Ha preso a muoversi prima lentamente e poi sempre più velocemente, con colpi sempre più consistenti e profondi; devo dire che ho iniziato a godere di un piacere mai provato prima. Mi ha sfondato il culo per una buona quindicina di minuti ed ho provato veramente un piacere pazzesco. Poi si è sfilato, mi ha girato, ha sollevato le mie gambe ed ha appoggiato i talloni sul suo petto; in quella posizione, ma lo ha di nuovo spinto dentro di colpo, con un solo affondo, e poi ha ripreso a sbattermi sempre più forte. Ha preso in mano il mio membro e, mentre mi sfondava il culo, mi ha masturbato ed è bastato pochissimo per farmi schizzare sul petto anche l'anima! È stata una sborrata colossale; poi, subito dopo, anche lui ha preso a pomparmi più forte, fino a sborrare a sua volta.
«Così…così mi piace! Vederti schizzare e godere come una puttanella: adesso provvederò a riempirti per bene! Tieni, zoccola, prendi la mia sborra nel culo; sei proprio una zoccoletta da sfondare e riempire per bene! Ora... sto sborrando!»
Ho sentito una forte ondata di calore riempire il mio intestino e poi, lentamente, il suo membro si è sgonfiato; io ho tamponato con una mano il mio buco del culo e son corso in bagno. Mi son seduto sul water e mi sono svuotato: sembrava di aver ricevuto un clistere, da quanta roba ho espulso. Poi mi son seduto sul bidet e mi son lavato; in quel momento, lui è entrato in bagno e mi ha sorriso. Mi ha fatto alzare in piedi ed ha controllato il mio buchetto.
«È tutto a posto! È lievemente arrossato, ma aspetta un attimo che provvedo io; in ogni caso sei stato stupendo! Davvero era la prima volta che succhiavi un cazzo e lo prendevi in culo?»
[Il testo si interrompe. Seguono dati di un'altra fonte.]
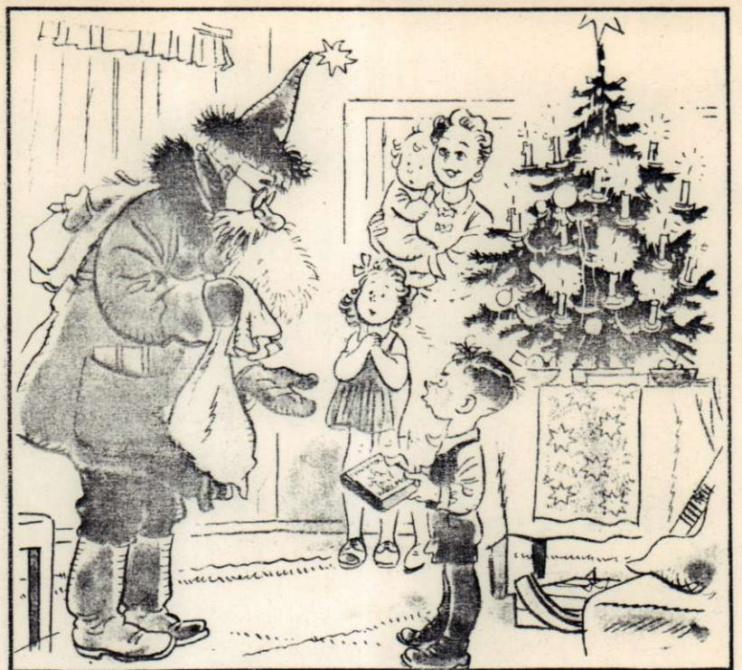
„— Karl May ‚Winnetou‘ is ja jut — aber wo is denn der Zauberkasten und det Mühlespiel, guter Alter? Wohl noch nischt von Leistungssteigerung je hört, wat?!“

Ho annuito, mentre lui, dopo avermi fatto piegare sul lavandino, ha aperto un mobiletto e ha preso della crema; me ne ha spalmato un po' sul culo e subito ho sentito che il lieve bruciore che provavo si è come eclissato all'istante. Siamo tornati in camera e ci siamo messi distesi sul letto ancora un po' a parlare.
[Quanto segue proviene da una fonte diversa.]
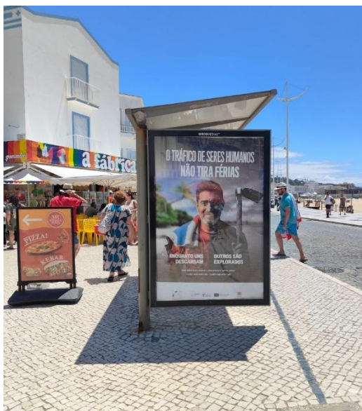
Figura 4. Participação da CM da Nazaré na Campanha de 30 de julho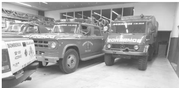
Vista del nuevo piso de Bomberos Voluntarios.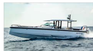
AXOPAR 37 SUN-TOP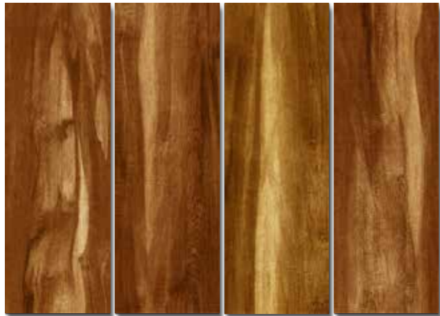
CANICHANA PEI - 3 / Mate Piso - Pared / 4 cara

«Paolo, mi piaci molto; sembri un bravo ragazzo che non frequenta giri particolari e.... vedi: avevo un amico del cuore che, da tempo, se n'è andato e, anche se adoro la figa, tenere tra le braccia un altro uomo non mi dispiace affatto. Vorrei aver un'amicizia più consolidata con te...»
Ho sorriso eh gli ho detto che anche per me era stato molto bello e non mi dispiaceva vederlo ancora e, mentre stavamo parlando, con la mano ho continuato ad accarezzare il suo membro, che ha dato segni di risveglio e così mi son abbassato ed ho preso a succhiarlo ancora; per una buona decina di minuti, ho continuato a pomparlo, fin quando lui, con un gemito profondo, mi ha schizzato in bocca quel poco di sborra ancora rimasta nelle sue palle. Abbiamo preso a vederci quasi regolarmente. Ogni volta mi faccio pompare bene il culo e sborrare ripetutamente in bocca e, anche se la figa continua a piacermi, quando mi trovo con lui mi sento veramente una gran puttana; adoro godere sotto i colpi del suo cazzo duro, che mi sfonda e mi riempie meravigliosamente.
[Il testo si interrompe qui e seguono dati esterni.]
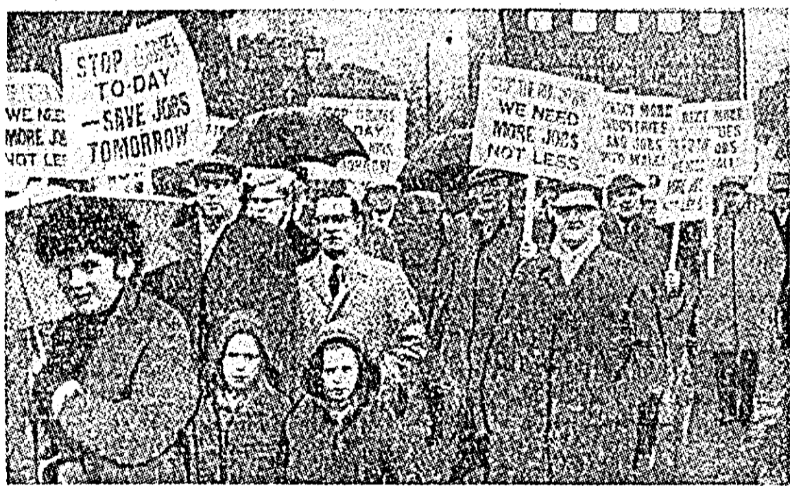
ANGLIA: Minerii din South-Wales au demonstrat pe străzile orașului Cardiff împotriva închiderii minelor.

partidul condus de el ar boicota alegerile anunțate pentru 1 iunie 1966. O altă știre anunță că secretarul general al ONU, U Thant, a informat pe membrii Consiliului de Securitate despre decretul guvernului provizoriu dominican privind vilttoarele alegeri generale în Republica Dominicană. După cum se știe, legea electorală promulgată în această țară prevede alegerea unui președinte, a unui vicepreședinte, a membrilor Congresului Național, a primarilor și a altor conducători locali, care își vor lua funcțiile la 30 de zile după data alegerilor.

L'ultima volta mi ha fatto una proposta quanto mai interessante.
«La mia compagna ha una sorella più giovane, che, allo stato, è continuamente in rotta di collisione con un ex fidanzato, che la tradisce in continuazione. Parlando con la mia donna, mi ha detto che l'ideale sarebbe trovarle un nuovo amico, di modo che lei possa finalmente chiudere la storia con l'altro. Te la potrei presentare e… hai visto mai che...?»
Abbiamo studiato tutto nei minimi dettagli, soprattutto con riguardo al modo di giustificare la nostra conoscenza e, allorché mi è capitato di guardare negli occhi Martina, ne son rimasto subito piacevolmente attratto. Anche Antonella, la compagna di Bruno, è una bella donna e, subito, tra noi quattro si è instaurato un buon rapporto; ben presto mi son reso conto che tra Bruno e Antonella c'è una forte complicità di coppia e son giunto alla conclusione che la sua donna non è del tutto ignara del fatto che lui, di tanto in tanto, si goda qualche maschietto! Ora la domanda è: gli avrà raccontato anche di come mi ha sfondato il culo? Non lo so, ma, in ogni caso, per ora continuo a divertirmi con il suo cazzo ed a corteggiare sua cognata. In futuro?... Chissà!